> **What the task asks**: Exactly reproduce the lines from the line bearing "把面团盖上保鲜膜,放在温暖的地方发酵到两倍大。" through the end of the listing, inclusive of both; pictures are to be omitted.

> **Material provided**:
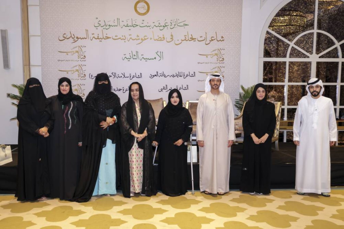 نظمت جائزة عوشة بنت خليفة السويدي "فتاة العرب"، أمسيتها الشعرية الثانية، تحت عنوان "شاعرات يحلقن في فضاء عوشة بنت خليفة السويدي"، والتي تأتي في إطار جهود الجائزة لتعزيز حضورها الثقافي والمجتمعي وإثراء المشهد الشعري الإماراتي والخليجي.
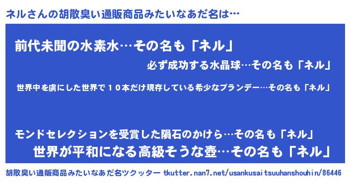 | 意味不明あだ名 | 『住所不定無職ネル(77歳)』『永久保存ネル』 |
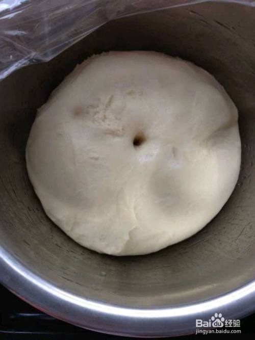 把面团盖上保鲜膜,放在温暖的地方发酵到两倍大。
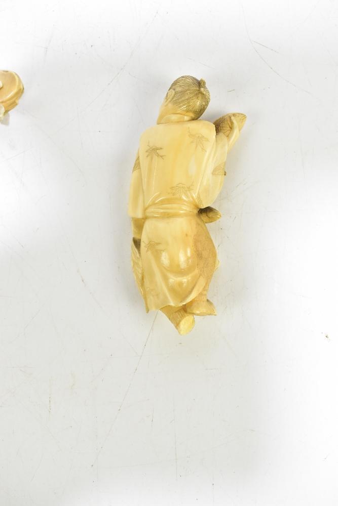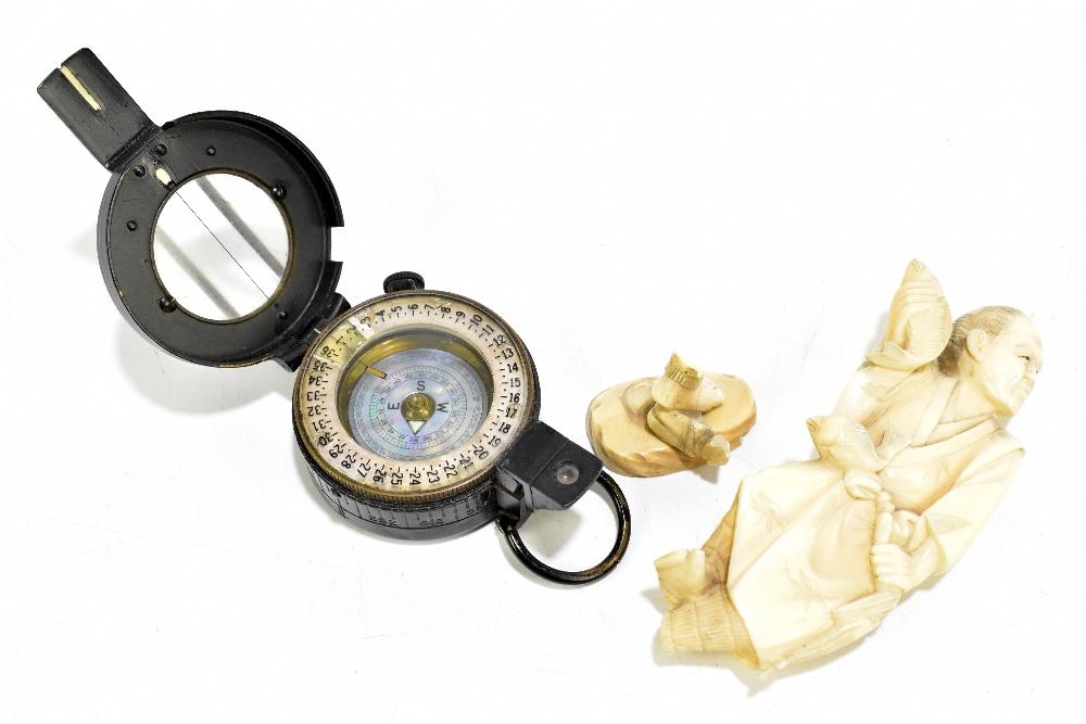 Lot 813 of 1032: A Japanese Meiji period carved ivory okimono depicting a fisherman (af) and a T.G. & Co London Mk. III WWII compass (2).

> **Reply**:
 把面团盖上保鲜膜,放在温暖的地方发酵到两倍大。
 Lot 813 of 1032: A Japanese Meiji period carved ivory okimono depicting a fisherman (af) and a T.G. & Co London Mk. III WWII compass (2).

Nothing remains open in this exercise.